*** Opening of Supplied material ***

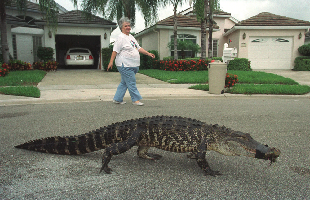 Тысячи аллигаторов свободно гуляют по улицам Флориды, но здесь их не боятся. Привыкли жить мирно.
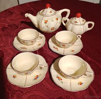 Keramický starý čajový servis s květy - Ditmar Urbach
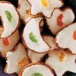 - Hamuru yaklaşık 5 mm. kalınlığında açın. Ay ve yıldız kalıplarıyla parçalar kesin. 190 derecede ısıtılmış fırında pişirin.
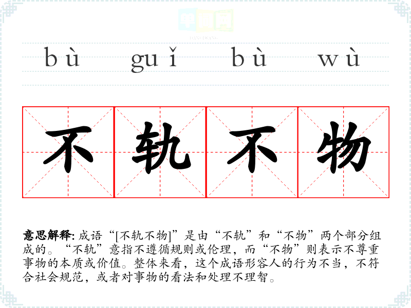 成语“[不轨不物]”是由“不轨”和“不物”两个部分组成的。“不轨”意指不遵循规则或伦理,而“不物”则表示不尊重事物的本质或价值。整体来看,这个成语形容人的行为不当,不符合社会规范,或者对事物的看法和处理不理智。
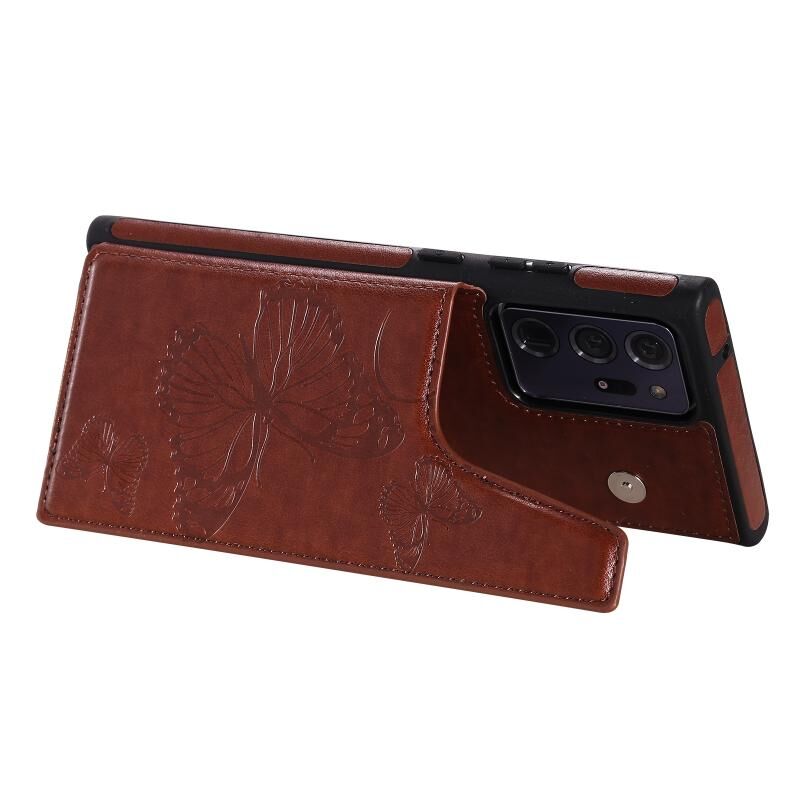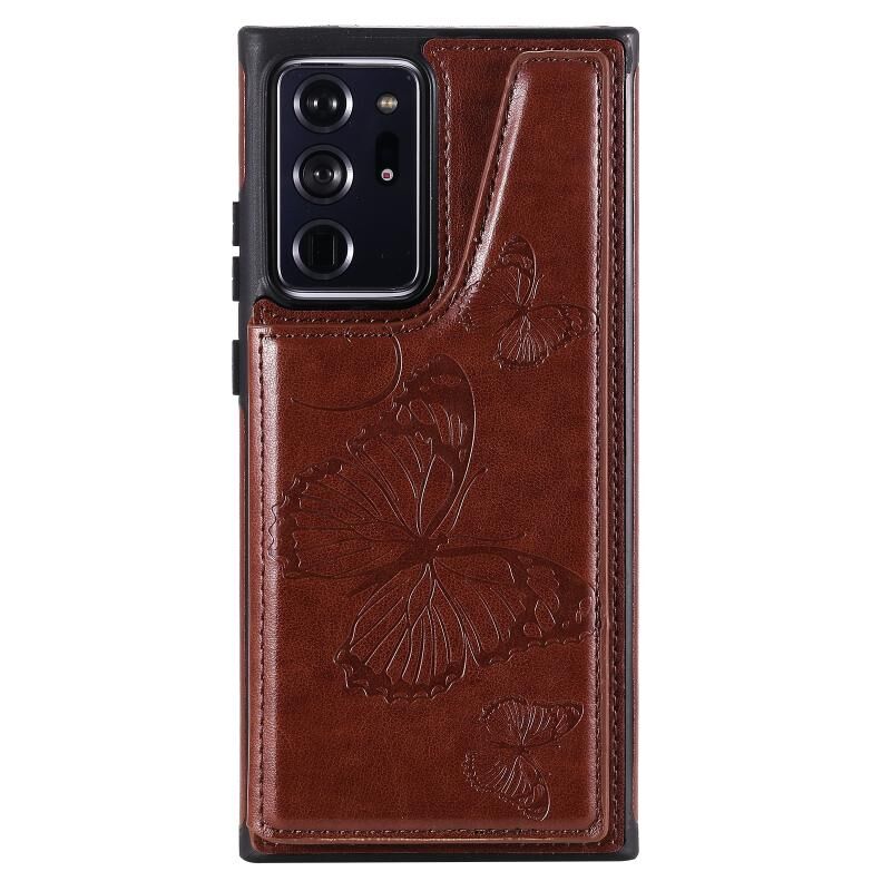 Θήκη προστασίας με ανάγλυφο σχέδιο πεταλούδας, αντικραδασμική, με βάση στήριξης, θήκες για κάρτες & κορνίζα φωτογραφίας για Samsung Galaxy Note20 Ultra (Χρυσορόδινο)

*** Close of Supplied material ***

Would you return all of the entries unchanged while omitting the images?

 Тысячи аллигаторов свободно гуляют по улицам Флориды, но здесь их не боятся. Привыкли жить мирно.
 Keramický starý čajový servis s květy - Ditmar Urbach
 - Hamuru yaklaşık 5 mm. kalınlığında açın. Ay ve yıldız kalıplarıyla parçalar kesin. 190 derecede ısıtılmış fırında pişirin.
 成语“[不轨不物]”是由“不轨”和“不物”两个部分组成的。“不轨”意指不遵循规则或伦理,而“不物”则表示不尊重事物的本质或价值。整体来看,这个成语形容人的行为不当,不符合社会规范,或者对事物的看法和处理不理智。
 Θήκη προστασίας με ανάγλυφο σχέδιο πεταλούδας, αντικραδασμική, με βάση στήριξης, θήκες για κάρτες & κορνίζα φωτογραφίας για Samsung Galaxy Note20 Ultra (Χρυσορόδινο)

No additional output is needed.